AIM OF THE EXERCISE | The records underneath are to be printed in full and exactly, with no pictures carried over.

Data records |
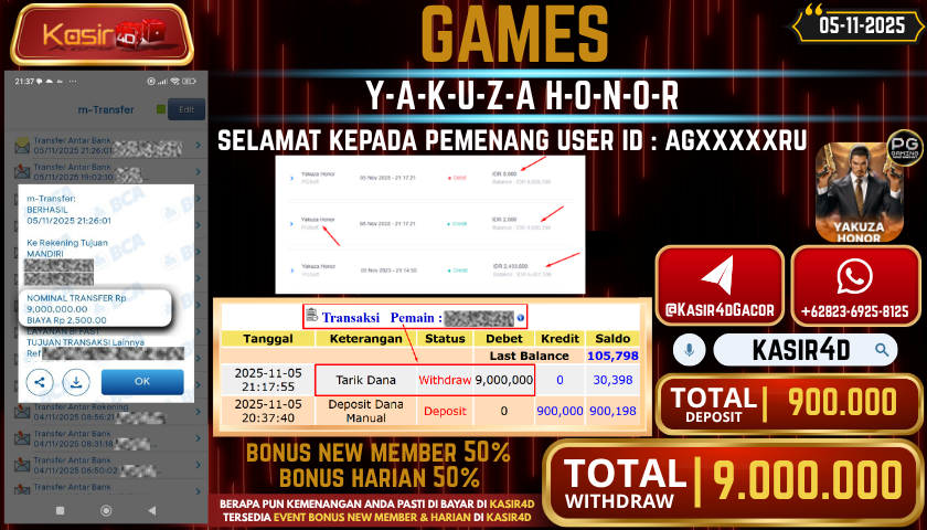 KASIR4D,Selamat Kepada User Id : AGXXXXXRU Atas Withdraw Hari ini Tgl 05 November 2025 Rp.9.000.000 Di Game Pg Soft Yakuza Honor INFORMASI LENGKAP…
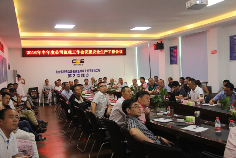 为认真回顾总结上半年工作经验,研究部署下一阶段重点工作任务,同时进一步加强安全生产工作,7月21日,监理公司在甬台温复线瑞安至苍南监理办大会议室召开2015年度监理工作暨安全生产工会议,监理公司领导班子,各监理办总监、副总监、信达公司班子、质监部及相关部门共计60余人参加了此次会议。
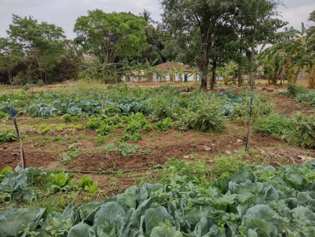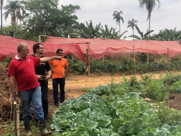 “Aqui temos o sistema de agrofloresta”, diz Valdir Misnerovicz, apresentando o local. “É uma combinação de plantas nativas e de alimentos. Bananeira, ipês, cravo, laranja, tamarindo, goiaba. Entre as árvores, temos a horta. Nessa couve, os pulgões atacaram. Combater a praga sem defensivos agrícolas; o que rendeu melhores resultados foi a urina de vaca e a pimenta malagueta. Também usamos como controle biológico as joaninhas e o bicho lixeiro (Chrysopidae), que comem os pulgões. Para a lagarta-cartucho e a lagarta-do-milho, usamos a microvespa Trichogramma, que parasita os ovos das pragas.”
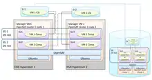 OpenSAF defines a set of building blocks, collectively providing a mechanism to manage Service Availability (SA) of applications based on resource-capability models.[20] SA and High Availability (HA) is the probability of a service being available at a random point in time; mission-critical systems require at least 99.999% (five nines) availability. HA and SA are essentially the same, but SA goes further (i.e. in-service upgrades of hardware and software).[21] OpenSAF is designed for loosely coupled systems with fast interconnections between nodes (i.e. using TIPC/TCP),[22] and extensible to meet different workloads; components communicate between themselves using any protocol. This extensibility is provided in large part by the IMM API, used by internal components and core services. The platform can exert control over compute and storage resources by defining as Objects, to be managed as (component service) instances and/or node constraints.[2][20][23]
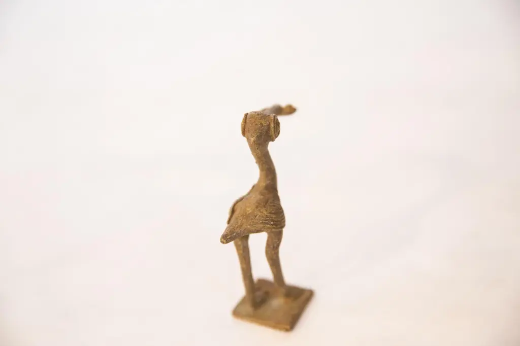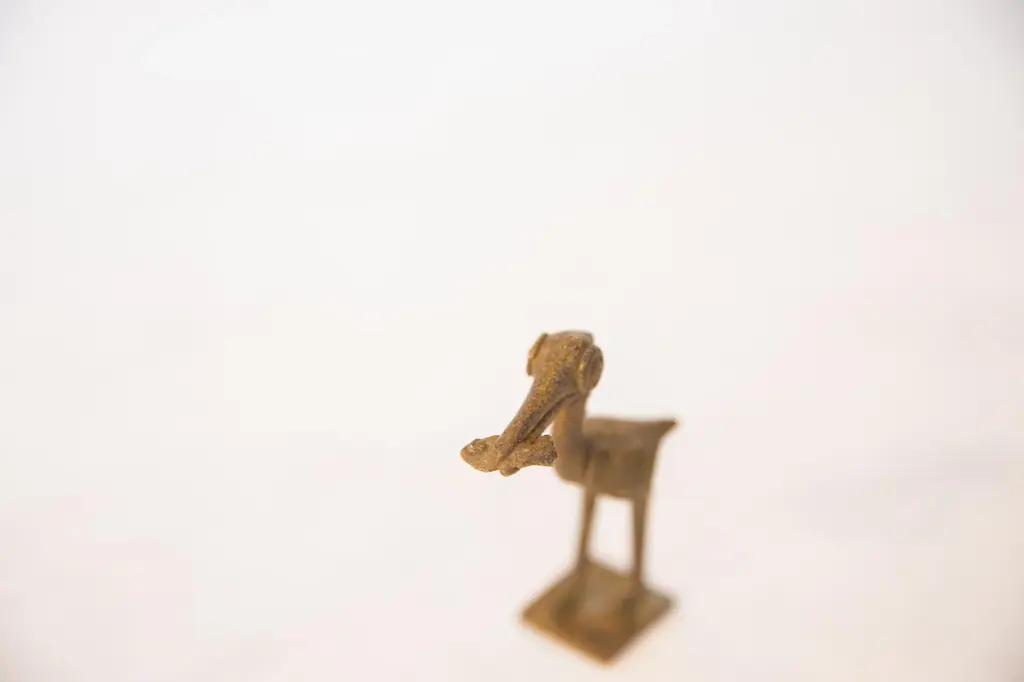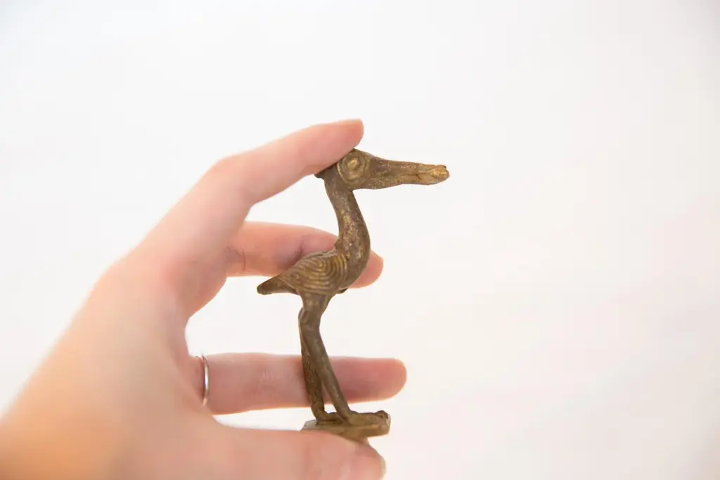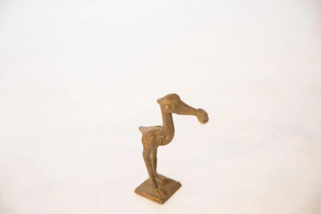 :: Vintage handmade bronze stork with fish. Circa mid 20th century and possibly older, this piece has such incredible handmade charm and no two are identical. As this item is in vintage condition, it may show signs of age and use. Possibly an example of an Ashanti gold weight, or Mbramoo, which were used in the measuring of gold and gold dust. Create a scene of wildlife with many of our vintage African animal sculptures or add just one to the shelf, these are beautiful collectibles that you or someone you love will cherish forever.

THE ANSWER |
 KASIR4D,Selamat Kepada User Id : AGXXXXXRU Atas Withdraw Hari ini Tgl 05 November 2025 Rp.9.000.000 Di Game Pg Soft Yakuza Honor INFORMASI LENGKAP…
 为认真回顾总结上半年工作经验,研究部署下一阶段重点工作任务,同时进一步加强安全生产工作,7月21日,监理公司在甬台温复线瑞安至苍南监理办大会议室召开2015年度监理工作暨安全生产工会议,监理公司领导班子,各监理办总监、副总监、信达公司班子、质监部及相关部门共计60余人参加了此次会议。
 “Aqui temos o sistema de agrofloresta”, diz Valdir Misnerovicz, apresentando o local. “É uma combinação de plantas nativas e de alimentos. Bananeira, ipês, cravo, laranja, tamarindo, goiaba. Entre as árvores, temos a horta. Nessa couve, os pulgões atacaram. Combater a praga sem defensivos agrícolas; o que rendeu melhores resultados foi a urina de vaca e a pimenta malagueta. Também usamos como controle biológico as joaninhas e o bicho lixeiro (Chrysopidae), que comem os pulgões. Para a lagarta-cartucho e a lagarta-do-milho, usamos a microvespa Trichogramma, que parasita os ovos das pragas.”
 OpenSAF defines a set of building blocks, collectively providing a mechanism to manage Service Availability (SA) of applications based on resource-capability models.[20] SA and High Availability (HA) is the probability of a service being available at a random point in time; mission-critical systems require at least 99.999% (five nines) availability. HA and SA are essentially the same, but SA goes further (i.e. in-service upgrades of hardware and software).[21] OpenSAF is designed for loosely coupled systems with fast interconnections between nodes (i.e. using TIPC/TCP),[22] and extensible to meet different workloads; components communicate between themselves using any protocol. This extensibility is provided in large part by the IMM API, used by internal components and core services. The platform can exert control over compute and storage resources by defining as Objects, to be managed as (component service) instances and/or node constraints.[2][20][23]
 :: Vintage handmade bronze stork with fish. Circa mid 20th century and possibly older, this piece has such incredible handmade charm and no two are identical. As this item is in vintage condition, it may show signs of age and use. Possibly an example of an Ashanti gold weight, or Mbramoo, which were used in the measuring of gold and gold dust. Create a scene of wildlife with many of our vintage African animal sculptures or add just one to the shelf, these are beautiful collectibles that you or someone you love will cherish forever.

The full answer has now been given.